▶ [Given material]
+---+

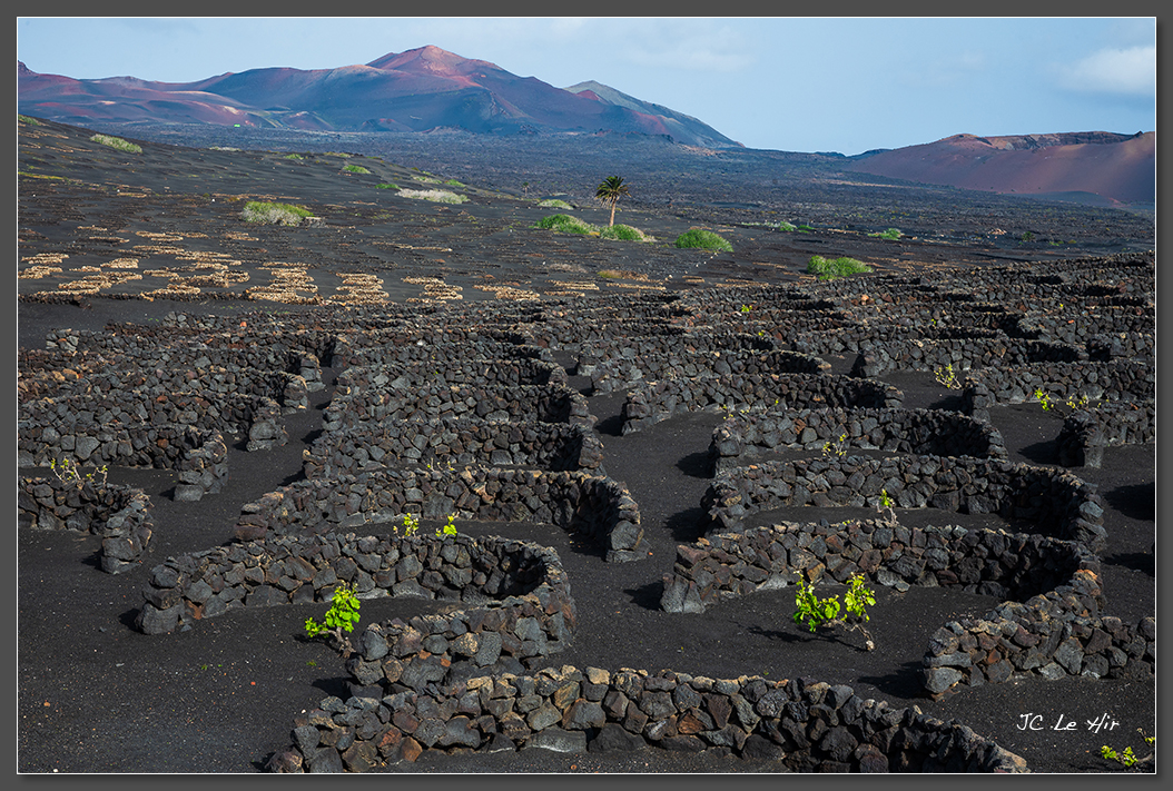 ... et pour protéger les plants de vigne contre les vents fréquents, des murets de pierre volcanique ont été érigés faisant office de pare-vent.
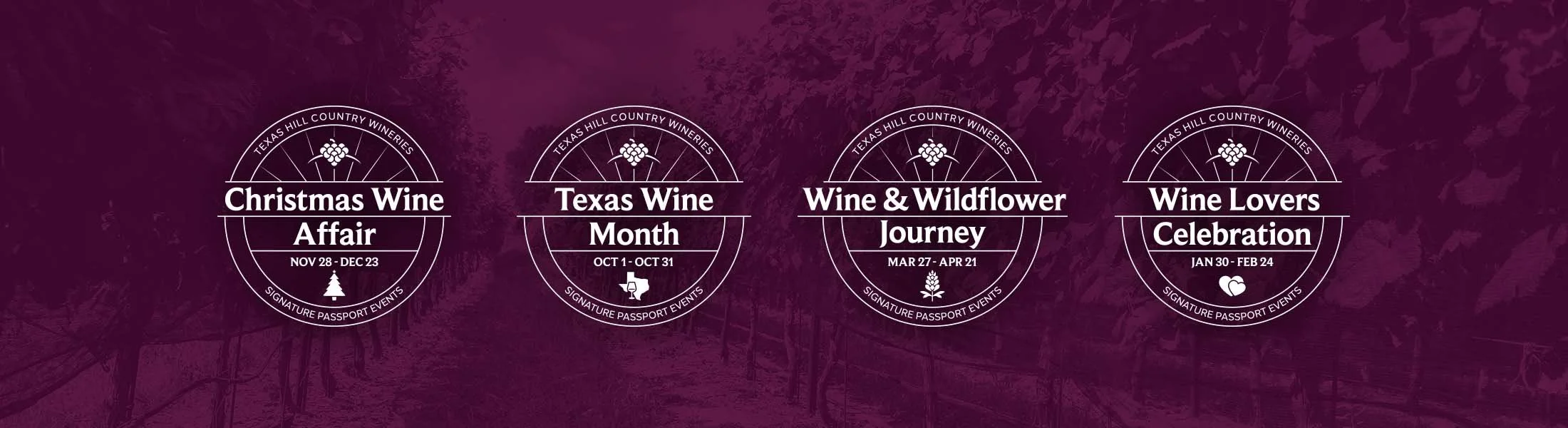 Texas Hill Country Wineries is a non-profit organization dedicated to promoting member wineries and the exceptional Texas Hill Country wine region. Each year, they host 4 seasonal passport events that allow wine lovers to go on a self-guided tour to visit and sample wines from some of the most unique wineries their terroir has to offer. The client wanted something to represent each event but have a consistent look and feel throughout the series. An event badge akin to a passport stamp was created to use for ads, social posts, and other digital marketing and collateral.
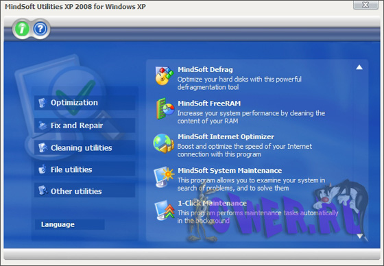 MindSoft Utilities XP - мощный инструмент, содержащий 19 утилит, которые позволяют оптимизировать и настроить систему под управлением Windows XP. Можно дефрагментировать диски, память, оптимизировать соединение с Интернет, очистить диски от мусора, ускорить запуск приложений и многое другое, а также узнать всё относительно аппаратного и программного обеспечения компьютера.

+---+

▶ [Work item] Print the material again word for word. Please drop every picture.

▶ [Result of the exercise]
 ... et pour protéger les plants de vigne contre les vents fréquents, des murets de pierre volcanique ont été érigés faisant office de pare-vent.
 Texas Hill Country Wineries is a non-profit organization dedicated to promoting member wineries and the exceptional Texas Hill Country wine region. Each year, they host 4 seasonal passport events that allow wine lovers to go on a self-guided tour to visit and sample wines from some of the most unique wineries their terroir has to offer. The client wanted something to represent each event but have a consistent look and feel throughout the series. An event badge akin to a passport stamp was created to use for ads, social posts, and other digital marketing and collateral.
 MindSoft Utilities XP - мощный инструмент, содержащий 19 утилит, которые позволяют оптимизировать и настроить систему под управлением Windows XP. Можно дефрагментировать диски, память, оптимизировать соединение с Интернет, очистить диски от мусора, ускорить запуск приложений и многое другое, а также узнать всё относительно аппаратного и программного обеспечения компьютера.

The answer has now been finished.